Well Water Quality, Well Vulnerability, and Agricultural Contamination in the Midwestern United States

  1. R. Peter Richards *,
  2. David B. Baker,
  3. Nancy L. Creamer,
  4. Jack W. Kramer,
  5. D. Ellen Ewing,
  6. Barbara J. Merryfield and
  7. Laura K. Wallrabenstein
  1. Water Quality Laboratory, Heidelberg College, 310 E. Market Street, Tiffin, OH 44883.

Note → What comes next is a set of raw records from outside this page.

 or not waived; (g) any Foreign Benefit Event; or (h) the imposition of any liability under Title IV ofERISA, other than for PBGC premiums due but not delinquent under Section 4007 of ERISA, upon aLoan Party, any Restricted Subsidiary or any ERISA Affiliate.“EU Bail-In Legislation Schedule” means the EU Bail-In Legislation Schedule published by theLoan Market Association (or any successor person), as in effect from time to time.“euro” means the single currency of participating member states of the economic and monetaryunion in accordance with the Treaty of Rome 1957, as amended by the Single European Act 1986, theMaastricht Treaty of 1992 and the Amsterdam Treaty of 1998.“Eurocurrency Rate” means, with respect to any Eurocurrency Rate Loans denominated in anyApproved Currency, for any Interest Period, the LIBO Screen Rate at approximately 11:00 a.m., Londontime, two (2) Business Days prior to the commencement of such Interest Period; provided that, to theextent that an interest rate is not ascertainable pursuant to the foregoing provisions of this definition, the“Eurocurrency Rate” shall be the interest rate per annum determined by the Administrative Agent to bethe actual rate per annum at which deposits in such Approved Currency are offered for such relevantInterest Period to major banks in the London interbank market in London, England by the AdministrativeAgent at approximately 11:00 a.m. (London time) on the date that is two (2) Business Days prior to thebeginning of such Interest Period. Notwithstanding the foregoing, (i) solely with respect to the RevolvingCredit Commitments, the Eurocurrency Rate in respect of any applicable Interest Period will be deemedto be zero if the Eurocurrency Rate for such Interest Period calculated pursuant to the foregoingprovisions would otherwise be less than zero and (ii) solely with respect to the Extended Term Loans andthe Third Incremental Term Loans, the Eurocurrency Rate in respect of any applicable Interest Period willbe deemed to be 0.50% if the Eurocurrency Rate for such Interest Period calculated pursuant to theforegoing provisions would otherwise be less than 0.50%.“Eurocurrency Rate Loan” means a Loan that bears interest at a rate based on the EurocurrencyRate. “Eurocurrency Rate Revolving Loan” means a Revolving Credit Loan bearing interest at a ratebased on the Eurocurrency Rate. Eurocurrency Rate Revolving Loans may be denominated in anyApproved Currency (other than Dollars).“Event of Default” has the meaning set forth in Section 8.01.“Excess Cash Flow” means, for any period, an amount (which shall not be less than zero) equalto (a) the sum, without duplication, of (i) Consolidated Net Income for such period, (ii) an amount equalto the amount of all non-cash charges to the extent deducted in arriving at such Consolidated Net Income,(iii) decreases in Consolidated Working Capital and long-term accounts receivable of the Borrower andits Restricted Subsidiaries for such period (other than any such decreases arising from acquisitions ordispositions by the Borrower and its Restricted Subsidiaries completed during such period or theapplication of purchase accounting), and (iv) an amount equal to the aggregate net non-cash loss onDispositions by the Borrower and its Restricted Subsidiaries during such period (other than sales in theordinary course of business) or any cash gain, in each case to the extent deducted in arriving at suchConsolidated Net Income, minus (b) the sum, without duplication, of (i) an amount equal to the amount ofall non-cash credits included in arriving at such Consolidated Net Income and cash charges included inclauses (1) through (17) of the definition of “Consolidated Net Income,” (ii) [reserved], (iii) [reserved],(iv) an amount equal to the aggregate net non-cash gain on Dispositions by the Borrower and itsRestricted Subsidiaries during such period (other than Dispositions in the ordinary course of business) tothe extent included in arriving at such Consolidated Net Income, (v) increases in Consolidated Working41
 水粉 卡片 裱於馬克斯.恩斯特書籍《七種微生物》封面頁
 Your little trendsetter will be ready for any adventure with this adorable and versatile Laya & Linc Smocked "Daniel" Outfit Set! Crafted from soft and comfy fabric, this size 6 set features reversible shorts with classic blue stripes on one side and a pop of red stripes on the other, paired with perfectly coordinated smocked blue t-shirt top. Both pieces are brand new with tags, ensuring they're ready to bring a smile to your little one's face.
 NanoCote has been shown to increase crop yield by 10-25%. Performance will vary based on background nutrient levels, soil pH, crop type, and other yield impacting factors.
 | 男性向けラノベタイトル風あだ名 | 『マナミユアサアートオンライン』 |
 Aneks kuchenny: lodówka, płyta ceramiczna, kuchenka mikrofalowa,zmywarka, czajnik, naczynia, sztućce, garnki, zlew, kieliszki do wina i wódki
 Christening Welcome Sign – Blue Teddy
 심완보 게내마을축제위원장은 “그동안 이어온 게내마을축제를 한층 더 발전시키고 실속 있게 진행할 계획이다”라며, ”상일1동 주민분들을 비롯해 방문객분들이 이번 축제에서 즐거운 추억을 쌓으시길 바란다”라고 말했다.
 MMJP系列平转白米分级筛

The Heidelberg College Cooperative Private Well Testing Program is designed to evaluate water quality in private rural wells. The program inexpensively provides large datasets that reflect relationships between well contamination and associated factors, and support local groundwater protection and education programs. Nearly 35 000 wells have been tested in Ohio, Indiana, Illinois, West Virginia, and Kentucky. Median nitrate concentration was 0.07 mg/L; 3.4% of wells exceeded the drinking water standard of 10 mg/L; 23% exceeded 1 mg/L. Triazines were detected in 4.9% of 12 362 samples; the atrazine MCL of 3.0 µg/L was exceeded in 0.1% of samples. Acetanilides were detected in 9.7% of 10 967 samples; 1.1% exceeded the alachlor MCL of 2.0 µg/L. Many acetanilide detections, and most higher concentrations, are due to an alachlor breakdown product and involve little or no alachlor. Information supplied by well owners was used to examine the impact of cultural and geological factors on well water quality. Concentrations are higher in wells that are shallower, older, dug, or driven; located close to cropland, feedlots, or chemical mixing sites; or located in sandy soils. Where wells combine the most vulnerable alternative for two or three factors, the probability of contamination increases dramatically. Mapping sometimes reveals spatial patterns of contamination that reflect geological influences. River valley aquifers, sandy soils with high water tables, karst areas, and reef structures with surficial expressions are all reflected in county maps of the data.

Current address, L.K. Wallrabenstein: Aqua Tech Environ. Lab., Melmore, OH 44845.